Graceful shutdown is going to be directly part of the protocol. e.g. how websocket and http/2 can send close and goaway respectively. Connection is still open at the OS level, but essentially closed from the application POV. How you negotiate this will depend on what you are doing. For example, a web server might be servicing a long running request. Should you wait until the request is finished before terminating? Yes, if you are feeling friendly. What happens if you wait 30 minutes and user is still connected. Maybe you get a bit more frustrated and terminate the connection more forcefully. All these steps, short of calling close(fd) are client/server protocol concerns.
Introducing threads won't solve this problem, it's only tangentially related to resource management, but doesn't solve the client/server protocol concerns e.g. grace period, knowing when the server can shut down immediately, etc. Some of those concerns are addressed in the example code above, but generally speaking, it's not an easy problem to solve.
In the first instance, perhaps you can describe what you should do to tell the remote end that the server is shutting down. Do you send a message?
Uhm, I should have opened up a bit more what I want to do :)
So I used your approach to write a TCP reverse proxy which just proxies requests through to a webserver (nginx). Connection draining works great and I even added reuse_port to the mix to see if I can a) drain connections and exit and b) replace the proxy with another instance without clients noticing. Great success!
Then I did some fast benchmarking and if I ran wrk directly against nginx I got "6000r/s" and when I ran it against my proxy, I got "3000r/s". I think that the performance is acceptable for my usecase, but I was just curious what would happen if I added threads. So: I don't want to use threads to implement some weird connection draining, but simply to see how it would affect the performance.
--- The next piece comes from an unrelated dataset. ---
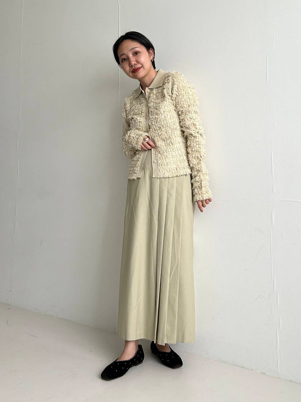 ボタンを開けたり、ボトムにインしたり、裾の変化で様々な形のボトムで合わせていただけますよ☺️

So I took a look at falcon which uses Async::Container and SharedEndpoint - but I can't come up with a way to use accept_each for the SharedEndpoint - only accept - and with accept I don't get server_tasks that I could stop for connection draining.
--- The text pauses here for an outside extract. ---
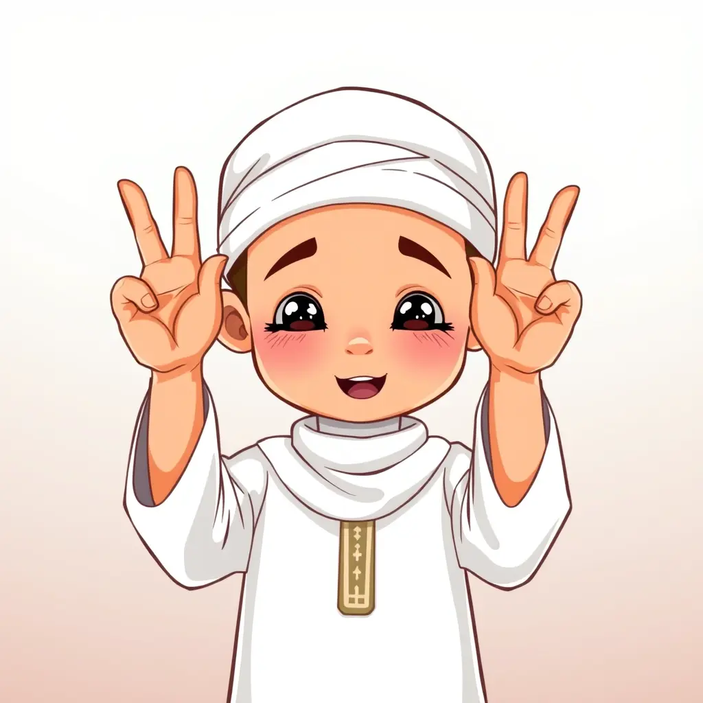 صورة كرتونية طفل مسلم، يرتدى جلباب ابيض باكمام طويله يقف خشوع وتضرع يرفع ست اصبع من يدية

My threaded implementation seemed to perform better than "3000r/s" though, but I really need connection draining (eg. stop accepting new connections) - I tried calling .close and .stop on everything, but new connections were still being accepted while the server was draining (which worked).
So my question is that how to use .accept_each with SharedEndpoint which seems to be required for threaded approach? It was also getting late while I tried to refactor my code, so I might have missed something obvious...
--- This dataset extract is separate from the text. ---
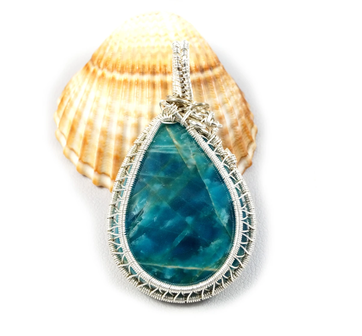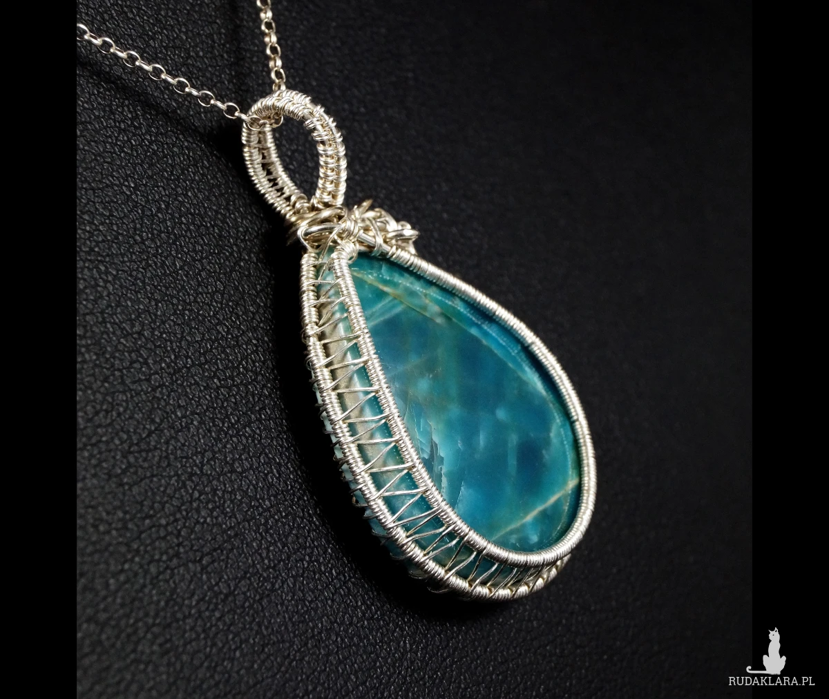 Bajeczny, misternie pleciony wisior z niebieskim kaboszonem apatytu.

And as always, thank you so much for your answers and time. Socketry rules.
I see, that makes sense. It's late so I'll take a look tomorrow, but do you think you can share your code?
You should be able to get more than 3000 req/s - what OS are you testing on?
I made a mistake by coding directly in a private codebase... But my code follows your example very closely.
I see if I can extract a version of it, but basically it's your example + attempt to use falcon style threaded setup...
I have no need to use "falcon style" - it was just the only example where I could see this in action.
I guess my question could also be reworded as "how to do connection draining with falcon", since to me it looks like you can not because falcon uses async-http-server which uses accept and not accept_each.
Is this just a straight socket proxy or are you proxying HTTP requests?
I did the benchmarking on OSX, but I think it's safe to ignore all numbers - it was a quick try.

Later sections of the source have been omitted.